Vanishing Point

Copyright © 2016 by Richard S. Platz
All rights reserved

 

Two billion people walked this earth the day my grandfather was born. "Each one," he said to me, "from his or her own isolated well of consciousness, claims to be the center of the universe." By 2030 the population had exploded to over eight billion. I remember my grandfather complaining, "My own significance shrinks to the vanishing point."

Now I count myself among the few who are left. Maybe three-hundred-million of us, give or take. No one is really counting any more. My own personal worth soars as the species plummets toward extinction. Like the stock market. Supply and demand. We have saved the planet, but lost the human race.

The decisive moment came when the United Nations adopted its solution to the problem of human overpopulation. Bangladesh and other coastal nations were losing ground to rising seas. India and China were swamped with human flesh and hungry mouths. There were not enough resources to go around. Stresses fractured along religious and racial fault lines. Civil conflicts erupted into regional wars. Refugees fled the horror, but neighboring countries closed their borders, defending them with razor wire and lethal force. Political order was teetering worldwide. Something had to be done to prevent a descent into barbarism.

So the Security Council ordered XOL22 to be introduced into the atmosphere all over the world by high-soaring aircraft. XOL22 was a simple contraceptive aerosol designed to prevent human conception. The aerosol had been contrived by an international consortium of scientists as a living organism able to evolve its own defenses. To defeat cheaters.

There was an antidote. FERTILE7 was made available only to those women with government-issued licenses to conceive and give birth. Meeting reasonable, but not particularly onerous standards of health, education, and financial ability to raise and nurture offspring was all that was required. Quotas were set for each country. The standards and quotas were established by an impartial commission from measurements and calculations of the earth's capacity to sustain a population.
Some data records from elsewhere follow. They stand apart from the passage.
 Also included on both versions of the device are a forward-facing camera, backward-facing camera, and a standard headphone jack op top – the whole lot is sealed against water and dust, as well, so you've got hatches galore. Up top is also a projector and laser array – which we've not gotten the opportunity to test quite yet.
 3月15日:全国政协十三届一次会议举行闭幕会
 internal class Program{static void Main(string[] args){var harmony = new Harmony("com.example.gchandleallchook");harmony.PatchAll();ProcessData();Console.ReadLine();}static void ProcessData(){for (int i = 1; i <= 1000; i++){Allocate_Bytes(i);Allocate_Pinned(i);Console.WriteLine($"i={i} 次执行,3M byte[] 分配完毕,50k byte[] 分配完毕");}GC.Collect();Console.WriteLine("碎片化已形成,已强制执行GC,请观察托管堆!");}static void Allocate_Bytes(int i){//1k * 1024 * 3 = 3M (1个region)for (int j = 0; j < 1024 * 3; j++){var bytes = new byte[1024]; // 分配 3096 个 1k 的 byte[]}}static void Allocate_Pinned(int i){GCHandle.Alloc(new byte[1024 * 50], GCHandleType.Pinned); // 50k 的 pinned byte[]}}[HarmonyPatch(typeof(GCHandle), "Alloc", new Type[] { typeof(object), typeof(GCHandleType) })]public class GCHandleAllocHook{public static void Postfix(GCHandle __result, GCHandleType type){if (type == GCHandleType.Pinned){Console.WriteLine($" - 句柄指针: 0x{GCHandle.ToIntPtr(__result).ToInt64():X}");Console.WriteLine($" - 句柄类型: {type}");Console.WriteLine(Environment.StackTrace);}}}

In the short term, the systems performed remarkably well (although religious zealots and personal-rights fanatics would never agree). Almost immediately the world's total population began a downward arc toward the desired asymptote of five billion inhabitants. But the Security Council edict, admittedly even-handed and well-intended, has lead to an even more grievous consequence than overpopulation.
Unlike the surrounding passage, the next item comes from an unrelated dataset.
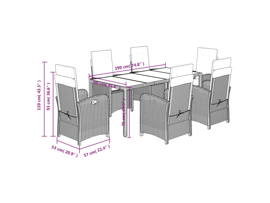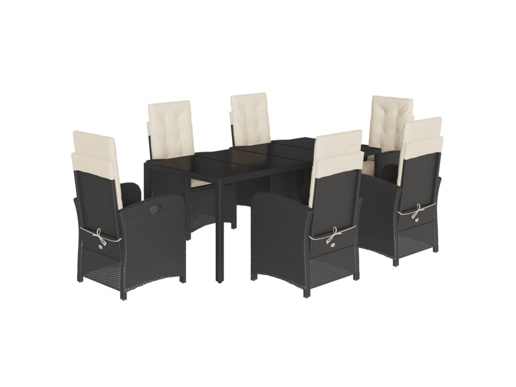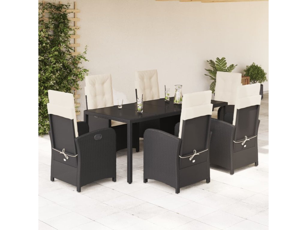7dílný zahradní jídelní set s poduškami černý polyratan 3212200

As everyone knows, the antidote FERTILE7 began to lose its effectiveness almost immediately. That was years ago. The atmosphere and waters of the entire planet were contaminated with XOL22. In the warming atmosphere the aerosol evolved its defenses. It bound to the hydrogen-oxygen bonds and could not be removed, even by distillation. The brightest minds could not find a substitute for FERTILE7. New births dwindled, then stopped altogether.

No one has been born for more than ninety years now, and the population has aged without replacement. Our numbers have now shrunk to a pitiable few old folks. And even fewer of us will see another decade pass. As a consequence, the increasingly pressing problem has now become: how do we preserve all human knowledge and history and culture beyond the end of mankind? In my opinion, the Meme Bank Project, for all its faults, holds the greatest promise.

We are now old, feeble, demented. We can no longer do the work required with our own minds and hands. The task is beyond our abilities. So we have programmed machines to collect and organize and catagorize the data and implement the project. We call them the Curators. Artificial intelligence. Self-replicating. Self-improving. Evolving. We have no way of knowing what they will become. Who can say? Maybe by cataloging and storing and comparing and studying us and our wit, a little will rub off. Perhaps the Curators will become witty themselves. And perhaps even compassionate. Maybe they will even become "human." God knows we have bequeathed them everything we know. There is nothing more we can do. I often wonder what a cosmonaut from a distant star might find should he ever happen upon this insignificant planet in the remote future.

As for myself, I remain philosophical. Stoic even. Perhaps a bit solipsistic. For me the world will end when I die, whether or not there is anyone left to carry the banner of humanity. There will be no one left to mourn the loss. Or to read this memorandum. It is impossible to ignore the irony of what we have done to ourselves. The religious fanatics proved to be right after all, and at times I cannot but smile at God's final joke on us.

This will be my last memo. The situation is now out of my hands. I have made my recommendation to the President, as have others. I have argued in favor of the Meme Bank, of course. Whatever other consequences it might portend, it seems to hold the greatest promise of preserving human culture beyond the final collapse. Beyond that, there is really not much I can say. I am going to send this memo now and shut down my computer. Then I am going home to tend the flowers and wait for the sun to set.